§ **Material for the task**
***
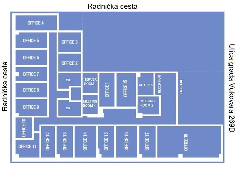 Uredi se nalaze u modernoj poslovnoj zgradi VMD Centra na prestižnoj lokaciji u Ulici grada Vukovara 269d, u srcu poslovne zone Zagreba.Poslovni centar VMD odlikuje se visokom razinom sigurnosti, reprezentativnim izgledom te izvrsnom prometnom povezanošću, što ga čini IDEALNIM IZBOROM za ozbiljne poslovne korisnike.
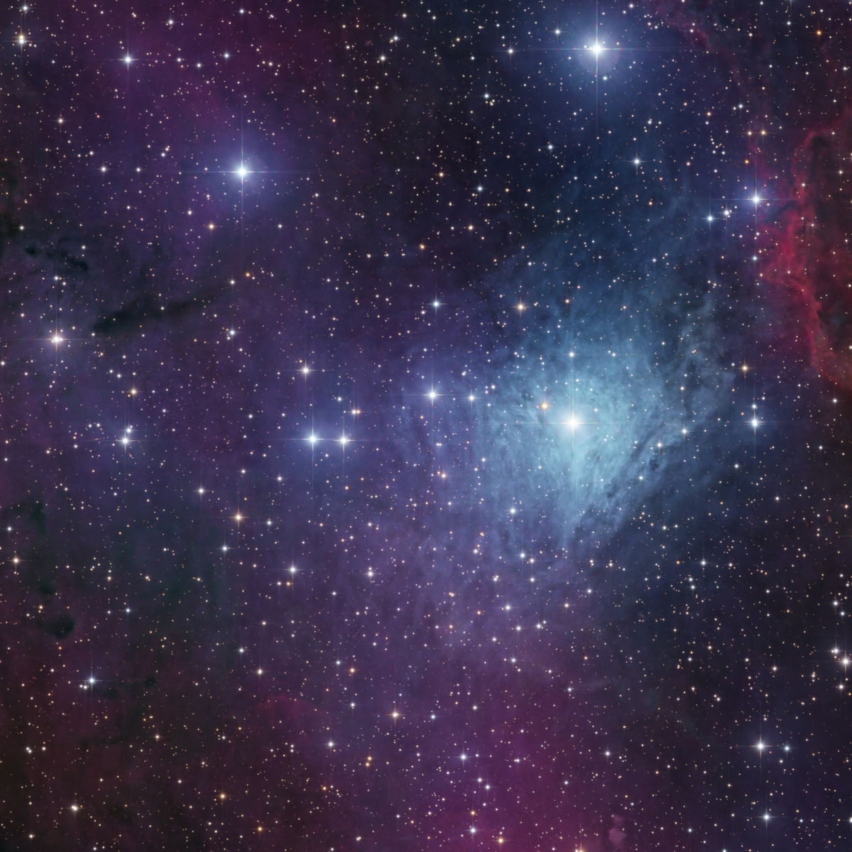 Der Reflexionsnebel IC 444 zeigt eine unregelmäßige, leicht fächerförmige Staubverteilung mit schwachem Helligkeitsgradienten und eingebetteten dünkleren Straubstrukturen. Diese werden jedoch vom hellen. blauen Licht überstrahlt.
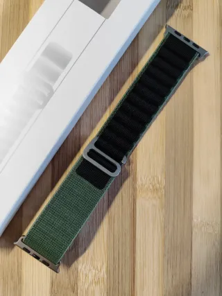 Cinturino nylon Alpine compatibile con Apple Watch ultra ,serie 11 10 9 8 7 6 5 4 , SE 3 2 1. Cinturino composto da doppio strato in tessuto nylon che lo rende morbido e comodo da indossare, delicato al polso. È dotato di gancio a G che inserito negli appositi occhielli ne consente la chiusura 💯 MODELLI COMPATIBILI ⌚44mm (Serie 6/5/4) (SE 3-2-1) ⌚45mm (Serie 9/8/7) ⌚46mm (Serie 11/10) ⌚49mm (Serie Ultra 3/2/1) ⌚Chiusura a gancio G ⌚Taglia M/L ⌚Materiale : Nylon ⌚Colore : Black - green CINTURINO FORNITO CON SCATOLA
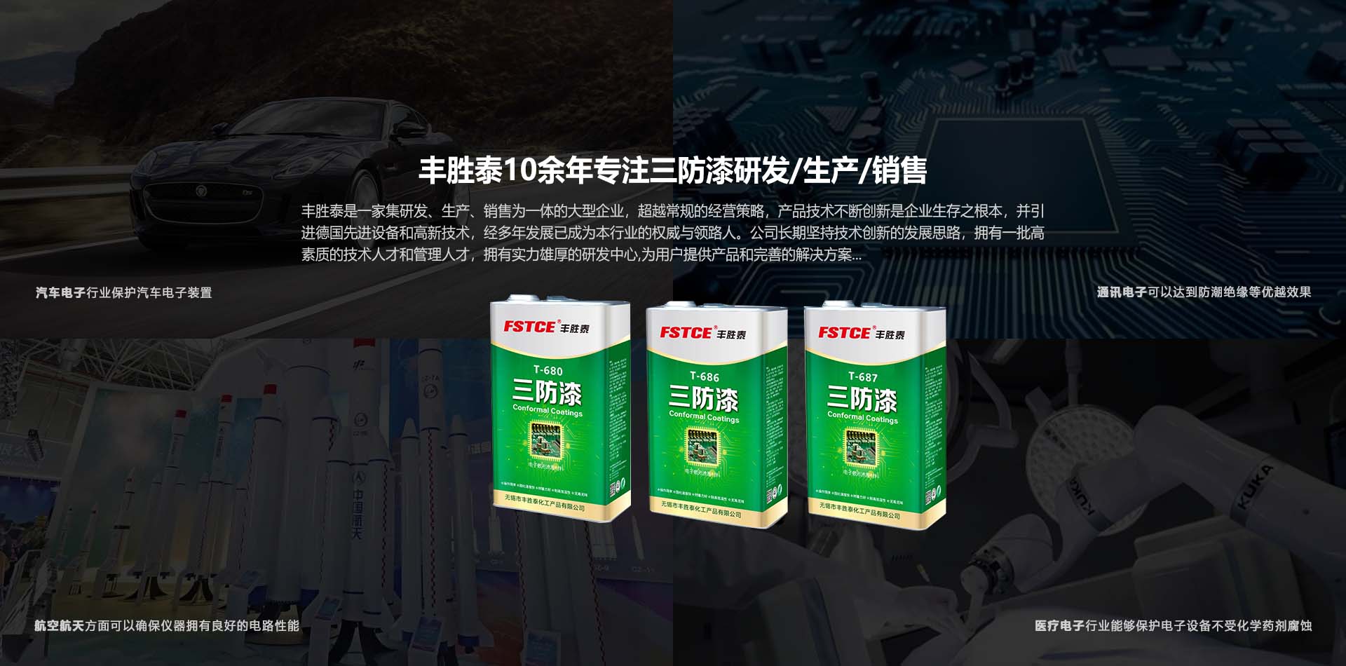 無錫豐勝泰化工有限公司坐落于風(fēng)景秀麗,交通便捷的長三角地區(qū)無錫。公司致力于三防漆、膠粘劑、三防膠產(chǎn)品的研發(fā)、生產(chǎn)、銷售。年生產(chǎn)上萬噸三防漆、三防膠和膠粘劑。自成立以來一直為客戶提供高附價值的三防漆、膠粘劑解決方案。并在多個大中城市設(shè)有辦事處。
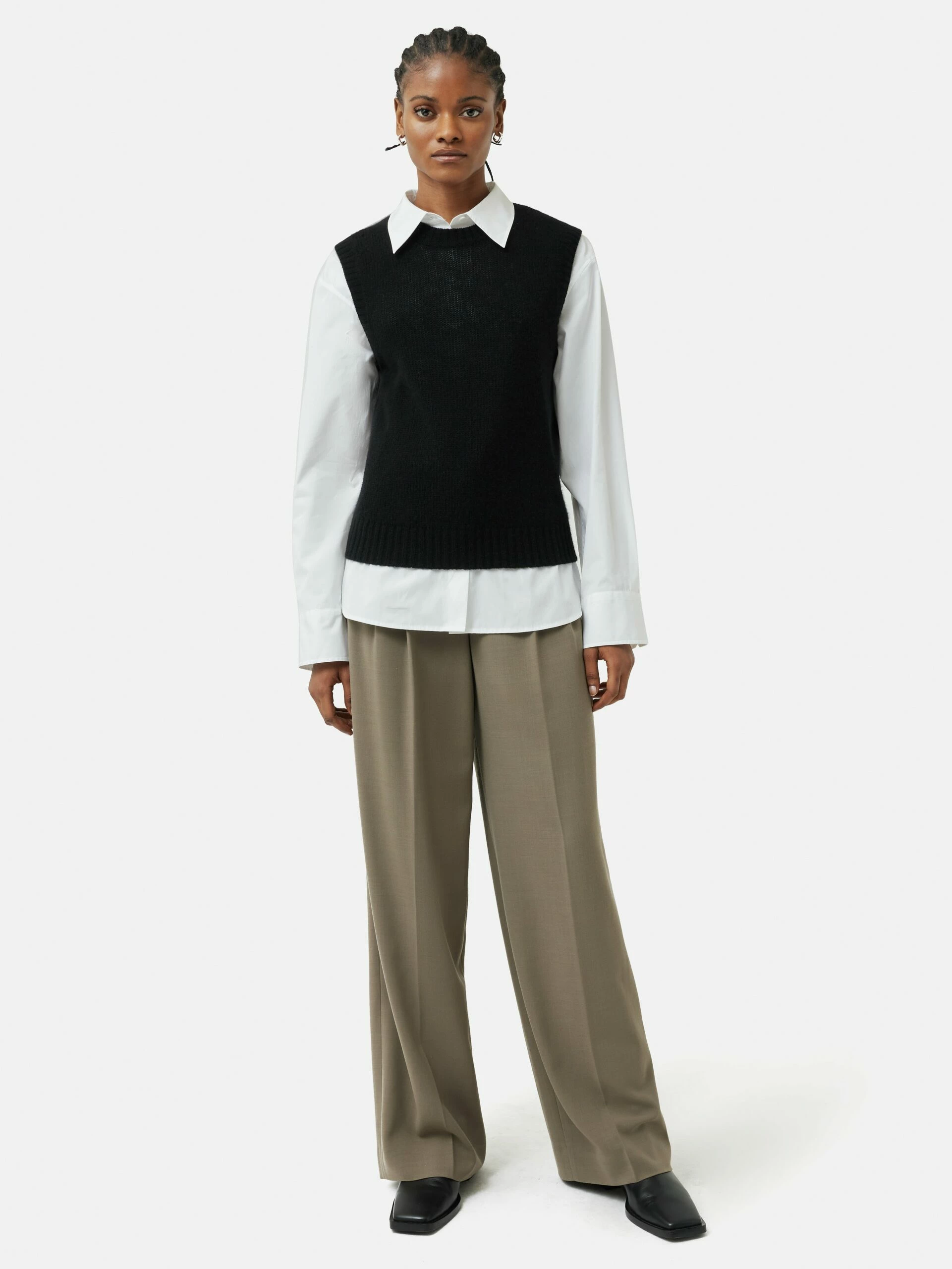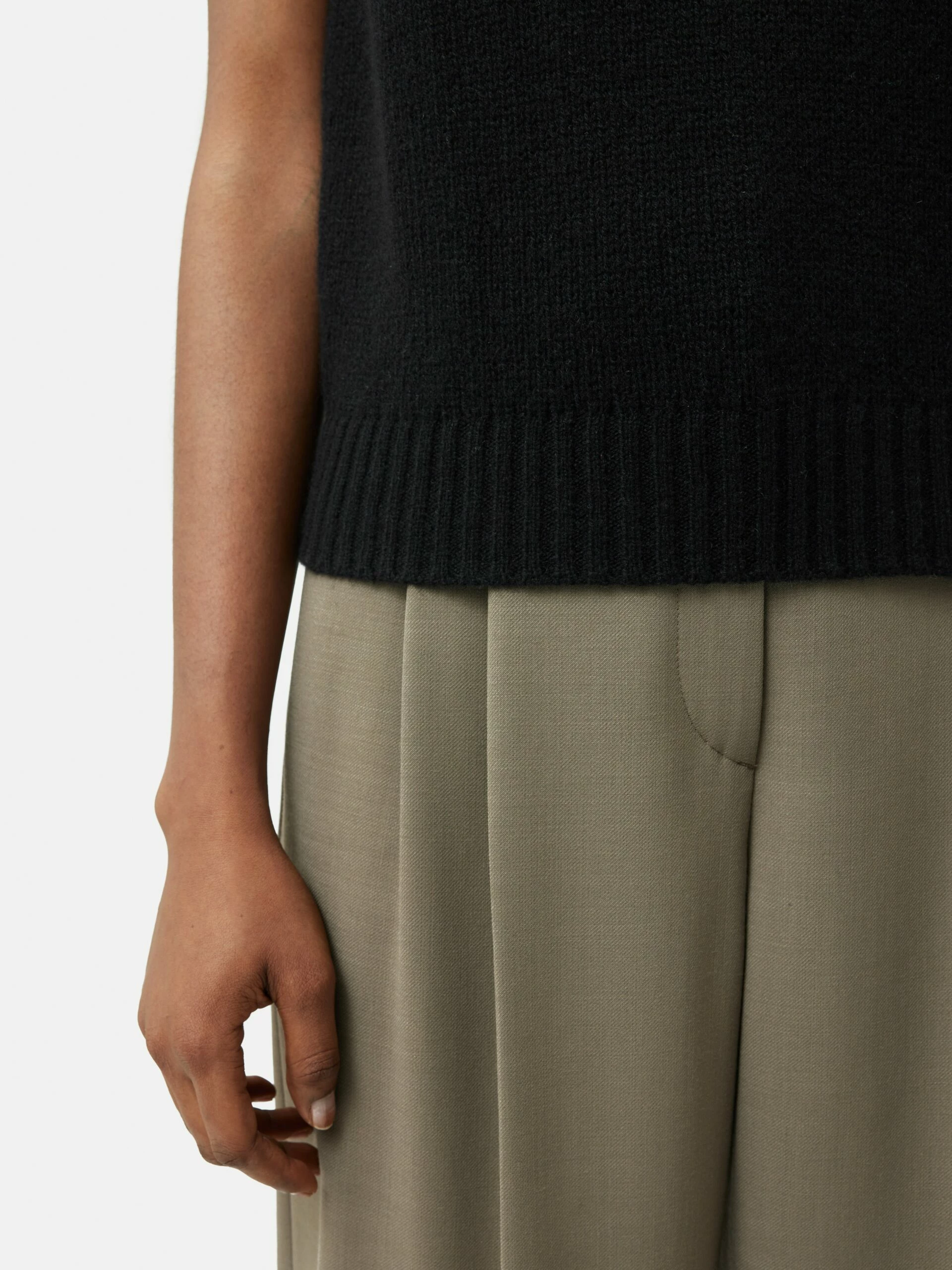 Our best-selling tank arrives in a new fabrication this Autumn: fully traceable Mongolian cashmere sourced from one of the worlds leading cashmere spinners. High crew neckline shape with a deep ribbed hem. Perfect for layering over a shirt or printed dress, or simply wear alone with high waisted trousers. This versatile piece promises endless wardrobe combinations.
***
§ **Work item**
Repeat exactly, please: transcribe each entry and leave out the pictures.

§ **Result for this exercise**
 Uredi se nalaze u modernoj poslovnoj zgradi VMD Centra na prestižnoj lokaciji u Ulici grada Vukovara 269d, u srcu poslovne zone Zagreba.Poslovni centar VMD odlikuje se visokom razinom sigurnosti, reprezentativnim izgledom te izvrsnom prometnom povezanošću, što ga čini IDEALNIM IZBOROM za ozbiljne poslovne korisnike.
 Der Reflexionsnebel IC 444 zeigt eine unregelmäßige, leicht fächerförmige Staubverteilung mit schwachem Helligkeitsgradienten und eingebetteten dünkleren Straubstrukturen. Diese werden jedoch vom hellen. blauen Licht überstrahlt.
 Cinturino nylon Alpine compatibile con Apple Watch ultra ,serie 11 10 9 8 7 6 5 4 , SE 3 2 1. Cinturino composto da doppio strato in tessuto nylon che lo rende morbido e comodo da indossare, delicato al polso. È dotato di gancio a G che inserito negli appositi occhielli ne consente la chiusura 💯 MODELLI COMPATIBILI ⌚44mm (Serie 6/5/4) (SE 3-2-1) ⌚45mm (Serie 9/8/7) ⌚46mm (Serie 11/10) ⌚49mm (Serie Ultra 3/2/1) ⌚Chiusura a gancio G ⌚Taglia M/L ⌚Materiale : Nylon ⌚Colore : Black - green CINTURINO FORNITO CON SCATOLA
 無錫豐勝泰化工有限公司坐落于風(fēng)景秀麗,交通便捷的長三角地區(qū)無錫。公司致力于三防漆、膠粘劑、三防膠產(chǎn)品的研發(fā)、生產(chǎn)、銷售。年生產(chǎn)上萬噸三防漆、三防膠和膠粘劑。自成立以來一直為客戶提供高附價值的三防漆、膠粘劑解決方案。并在多個大中城市設(shè)有辦事處。
 Our best-selling tank arrives in a new fabrication this Autumn: fully traceable Mongolian cashmere sourced from one of the worlds leading cashmere spinners. High crew neckline shape with a deep ribbed hem. Perfect for layering over a shirt or printed dress, or simply wear alone with high waisted trousers. This versatile piece promises endless wardrobe combinations.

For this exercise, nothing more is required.